Background: No disease-specific therapy currently exists for arrhythmogenic right ventricular cardiomyopathy (ARVC), a progressive cardiogenetic condition conferring elevated risk for ventricular arrhythmias, heart failure, and sudden cardiac death. Emerging gene therapies have the potential to fill this gap. However, little is known about how adults with ARVC, or any other inherited cardiomyopathy or arrhythmia syndrome, appraise the risks and benefits of gene therapy research and which considerations may influence their decisions about clinical trial participation.

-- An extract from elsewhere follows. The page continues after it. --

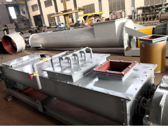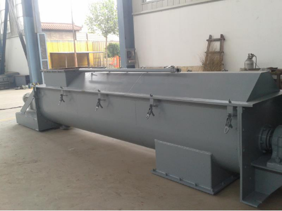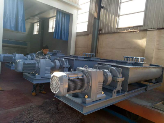 SJ型双轴搅拌机是将粉状物料进行喷水搅拌、混合的设备。主要使用在火力发电厂的除尘器下,也可供化工、冶金、矿山、建材等行业使用。通过控制加水量,以达到核实的湿度要求。采用两组螺旋叶片进行搅拌。搅拌效果高,占地面积少。螺旋叶片采用高耐磨特种合金或复合陶瓷,使用寿命长。双轴搅拌机采用摆线针轮减速器传动,转动平稳。噪音低。双轴搅拌机从顶部进料,底部排料,结构合理。各结合之间的密封严密,运行平稳。双轴搅拌机舍友加湿喷水系统,保证喷水均匀,调节供水量来满足需要。采用手压油泵集中供给四个传动轴承润滑油脂,方便设备的使用维护,具有省时的特点。

Methods: Twenty adults with clinically diagnosed and gene-positive ARVC participated in semi-structured interviews that explored perceptions of gene therapy and hypothetical decision-making for gene therapy clinical trial participation. Interview transcripts were qualitatively coded and analyzed.
Results: Participants expressed enthusiasm for gene therapy with varied levels of personal interest in trial participation. Although clinical severity appeared to be associated with an elevated interest in early trial participation, participants anticipated weighing both personal and trial-specific factors including life stage, trial stage, risks, benefits, participation burden, study leadership, and anticipated cost of future gene therapy. Adaptation to living with ARVC and involvement in the ARVC patient community were also relevant to decision-making about trial participation. Potential ethical concerns included unquestioning trust in clinical teams collaborating on industry-led trials and vulnerability of those recently diagnosed or with high perceived severity of ARVC symptoms.
Conclusions: Several characteristics of the individual and trial warrant consideration during the informed consent process. Insights from this study may affect trial planning and communication with participants who have inherited cardiac conditions.
Keywords: cardiomyopathies; clinical trials; decision making; genetic therapy; patients.